── Given data

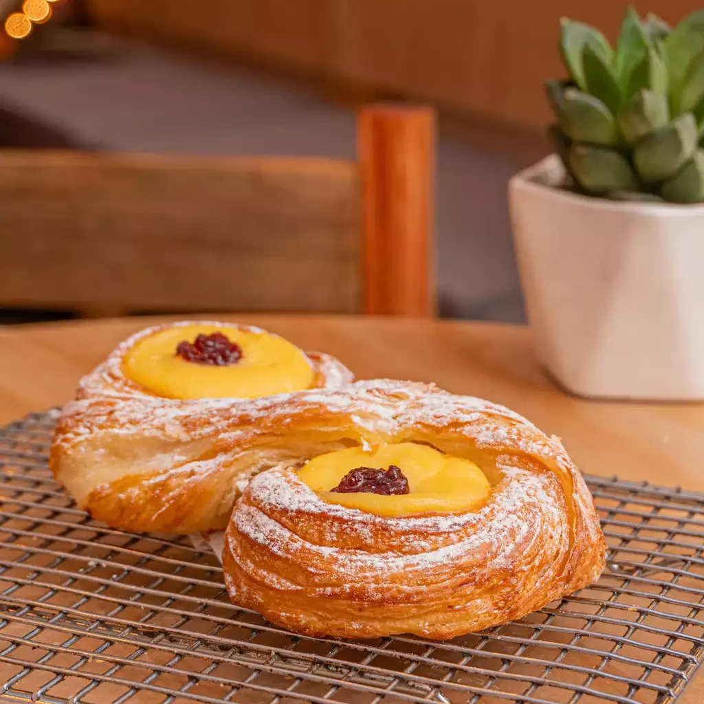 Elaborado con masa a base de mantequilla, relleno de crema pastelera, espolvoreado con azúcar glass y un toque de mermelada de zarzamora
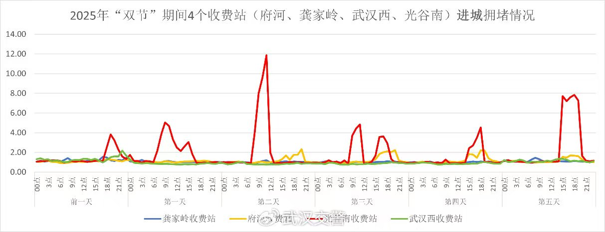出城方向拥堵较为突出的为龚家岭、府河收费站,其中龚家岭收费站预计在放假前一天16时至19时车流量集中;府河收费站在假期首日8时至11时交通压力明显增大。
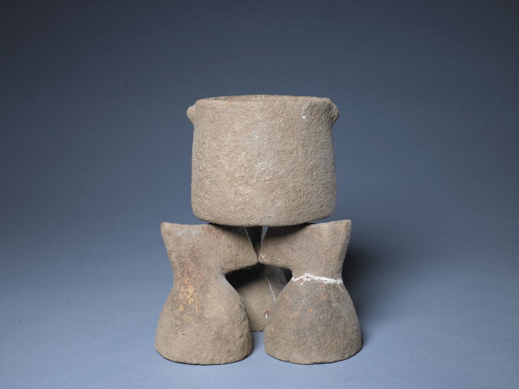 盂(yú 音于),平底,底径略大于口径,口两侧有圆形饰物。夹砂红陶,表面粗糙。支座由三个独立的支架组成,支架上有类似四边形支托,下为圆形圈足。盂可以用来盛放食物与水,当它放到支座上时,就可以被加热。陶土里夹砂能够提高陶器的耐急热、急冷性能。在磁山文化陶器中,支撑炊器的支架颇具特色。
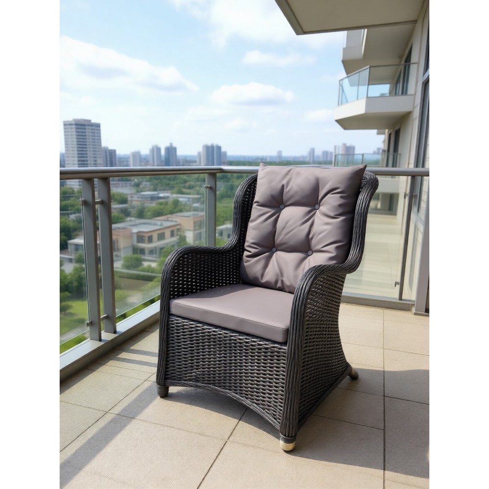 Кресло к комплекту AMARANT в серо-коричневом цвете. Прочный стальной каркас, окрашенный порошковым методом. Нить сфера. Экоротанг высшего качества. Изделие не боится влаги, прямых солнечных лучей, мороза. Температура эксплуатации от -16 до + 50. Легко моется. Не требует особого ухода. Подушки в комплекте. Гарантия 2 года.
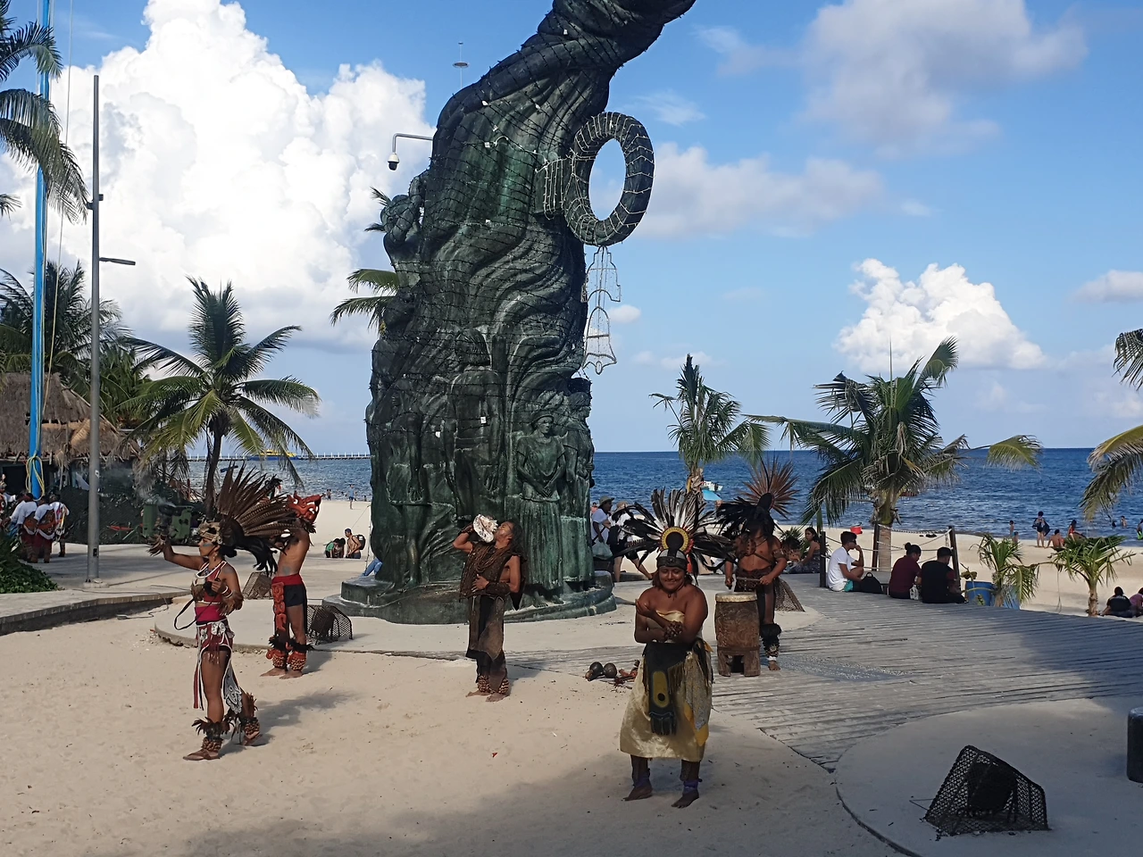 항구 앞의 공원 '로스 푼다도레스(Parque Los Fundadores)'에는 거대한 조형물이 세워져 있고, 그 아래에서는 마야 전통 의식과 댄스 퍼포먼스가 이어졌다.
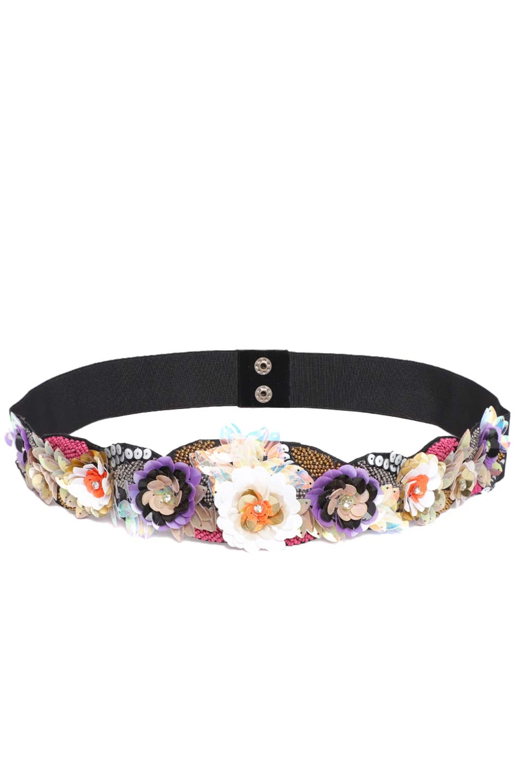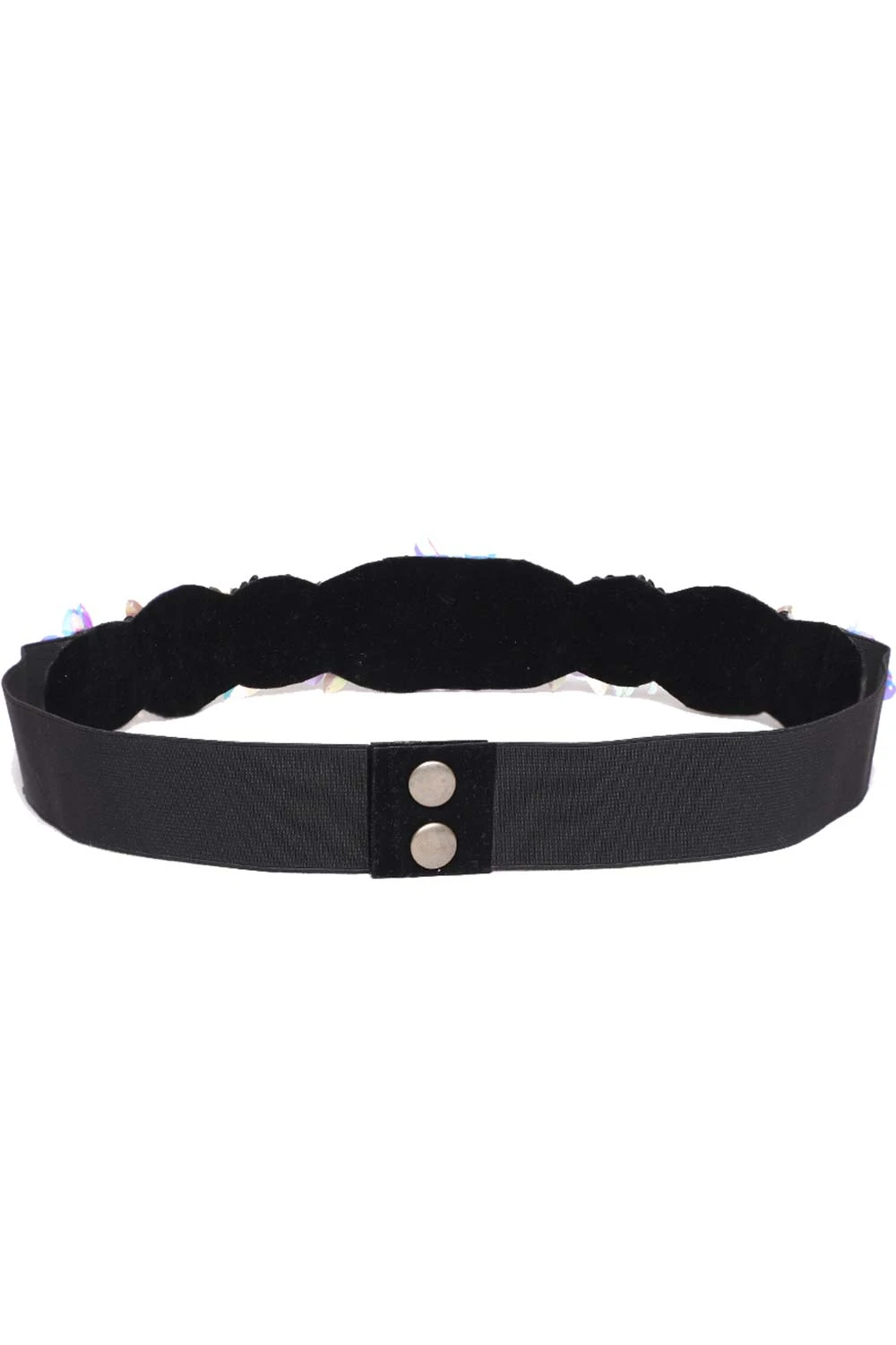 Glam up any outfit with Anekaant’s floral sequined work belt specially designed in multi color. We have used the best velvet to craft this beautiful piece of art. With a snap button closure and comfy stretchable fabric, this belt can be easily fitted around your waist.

────
── Given data

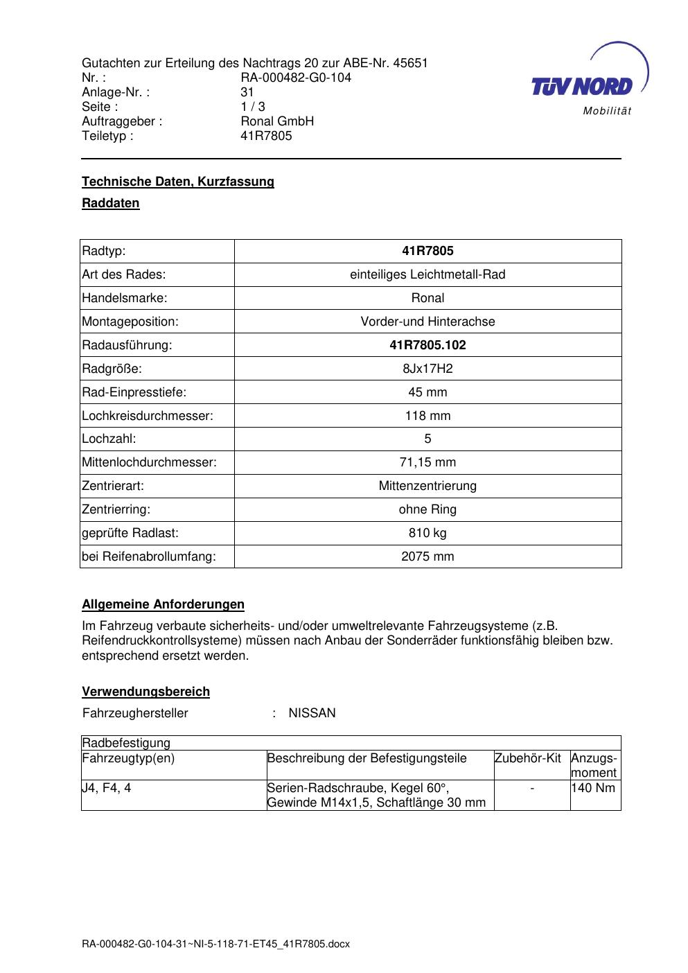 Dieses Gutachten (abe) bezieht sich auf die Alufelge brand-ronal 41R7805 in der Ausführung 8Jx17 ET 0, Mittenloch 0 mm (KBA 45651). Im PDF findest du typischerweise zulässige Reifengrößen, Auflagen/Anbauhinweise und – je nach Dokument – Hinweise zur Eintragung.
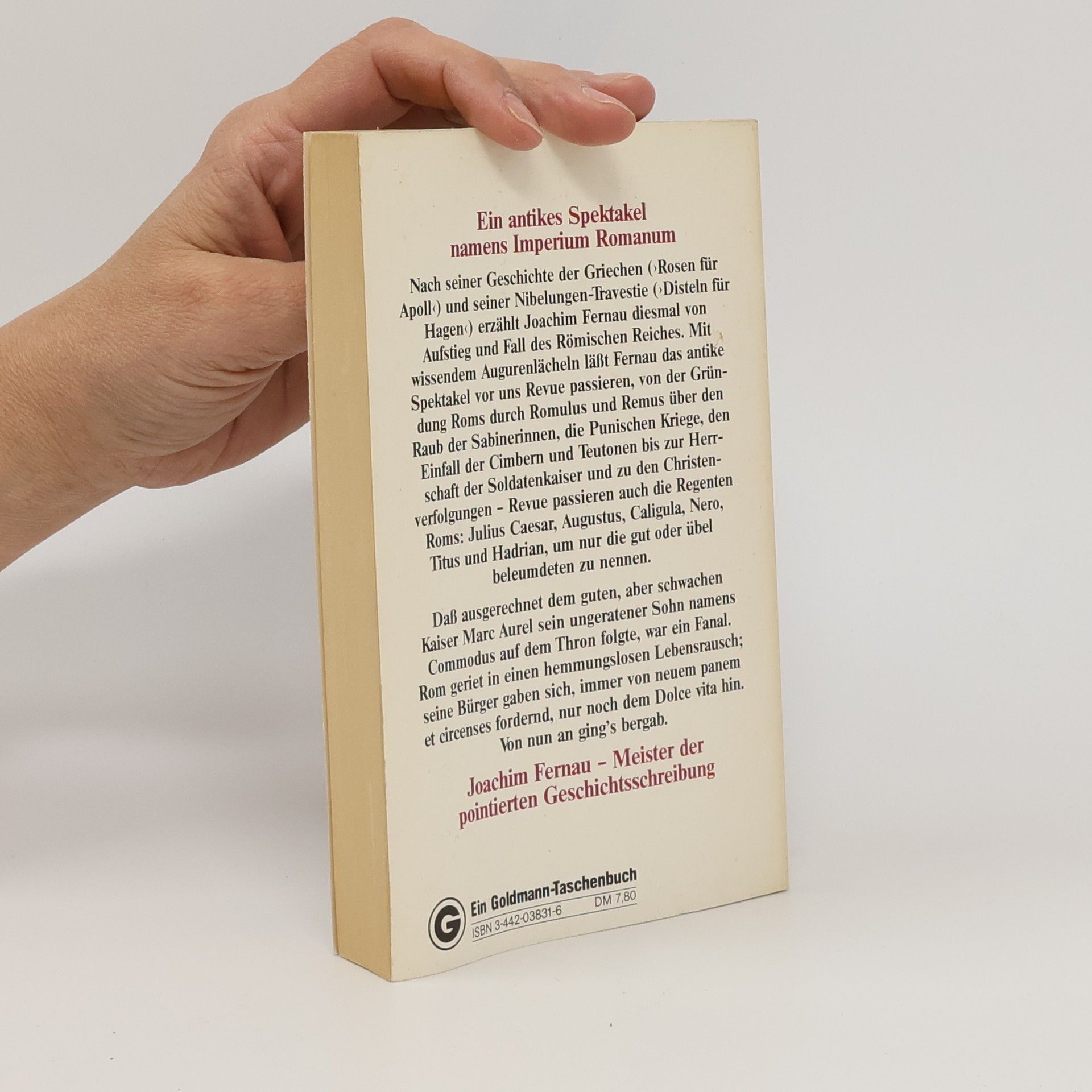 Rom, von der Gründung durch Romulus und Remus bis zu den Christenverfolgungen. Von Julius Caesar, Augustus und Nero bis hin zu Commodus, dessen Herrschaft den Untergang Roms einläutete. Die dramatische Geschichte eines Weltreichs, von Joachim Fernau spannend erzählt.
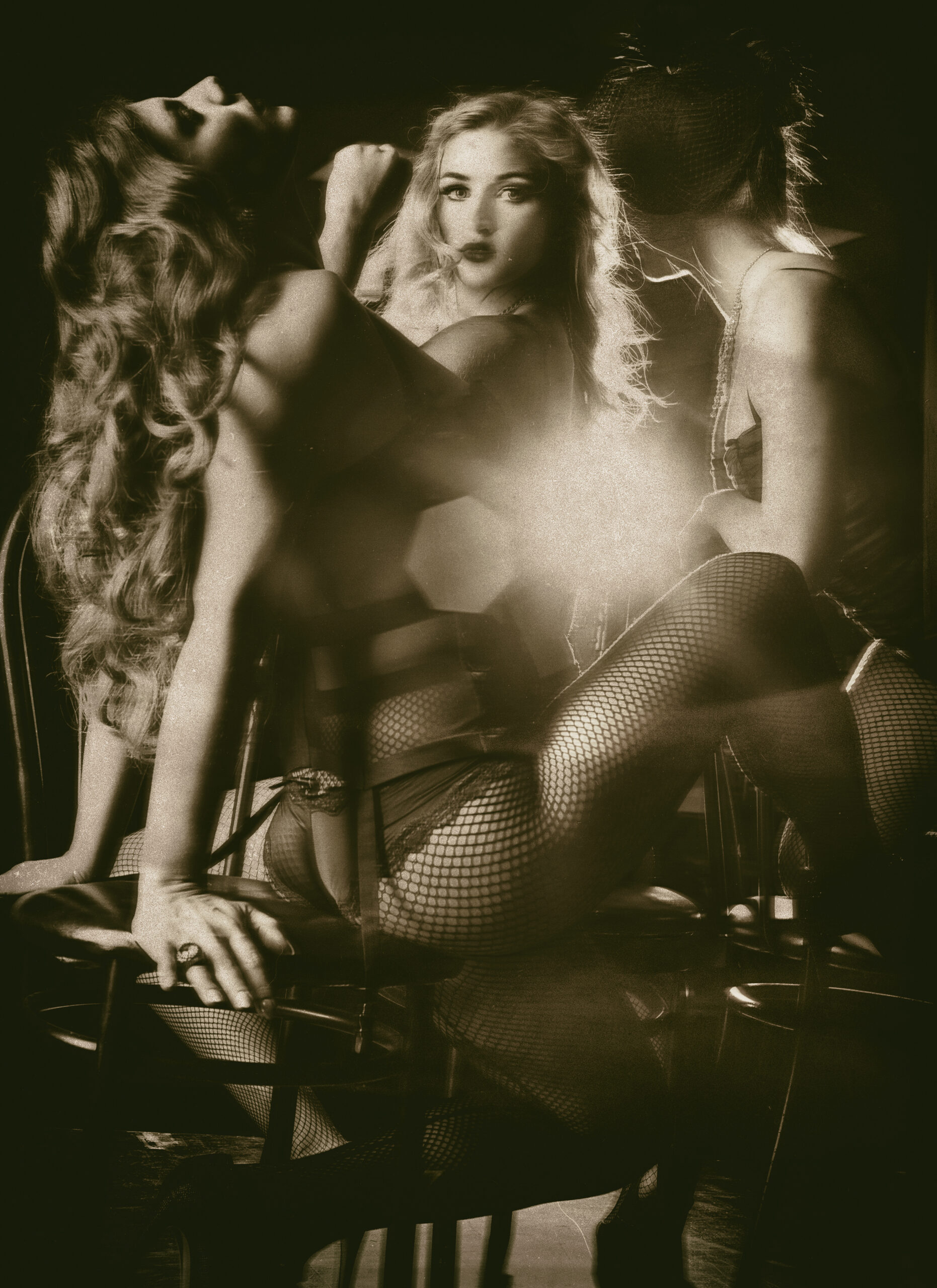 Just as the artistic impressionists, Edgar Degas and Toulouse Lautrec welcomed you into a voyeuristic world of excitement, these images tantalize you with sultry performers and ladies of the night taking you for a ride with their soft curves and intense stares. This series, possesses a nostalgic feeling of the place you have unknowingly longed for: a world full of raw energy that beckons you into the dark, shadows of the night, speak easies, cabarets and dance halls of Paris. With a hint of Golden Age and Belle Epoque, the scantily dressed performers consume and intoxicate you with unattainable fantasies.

────

▸ Exercise objective
Copy word for word the span of the records above that begins at the line with "盂(yú 音于),平底,底径" and ends at the line with "항구 앞의 공원 '로스", including those two lines but not the pictures.

▸ Task output
 盂(yú 音于),平底,底径略大于口径,口两侧有圆形饰物。夹砂红陶,表面粗糙。支座由三个独立的支架组成,支架上有类似四边形支托,下为圆形圈足。盂可以用来盛放食物与水,当它放到支座上时,就可以被加热。陶土里夹砂能够提高陶器的耐急热、急冷性能。在磁山文化陶器中,支撑炊器的支架颇具特色。
 Кресло к комплекту AMARANT в серо-коричневом цвете. Прочный стальной каркас, окрашенный порошковым методом. Нить сфера. Экоротанг высшего качества. Изделие не боится влаги, прямых солнечных лучей, мороза. Температура эксплуатации от -16 до + 50. Легко моется. Не требует особого ухода. Подушки в комплекте. Гарантия 2 года.
 항구 앞의 공원 '로스 푼다도레스(Parque Los Fundadores)'에는 거대한 조형물이 세워져 있고, 그 아래에서는 마야 전통 의식과 댄스 퍼포먼스가 이어졌다.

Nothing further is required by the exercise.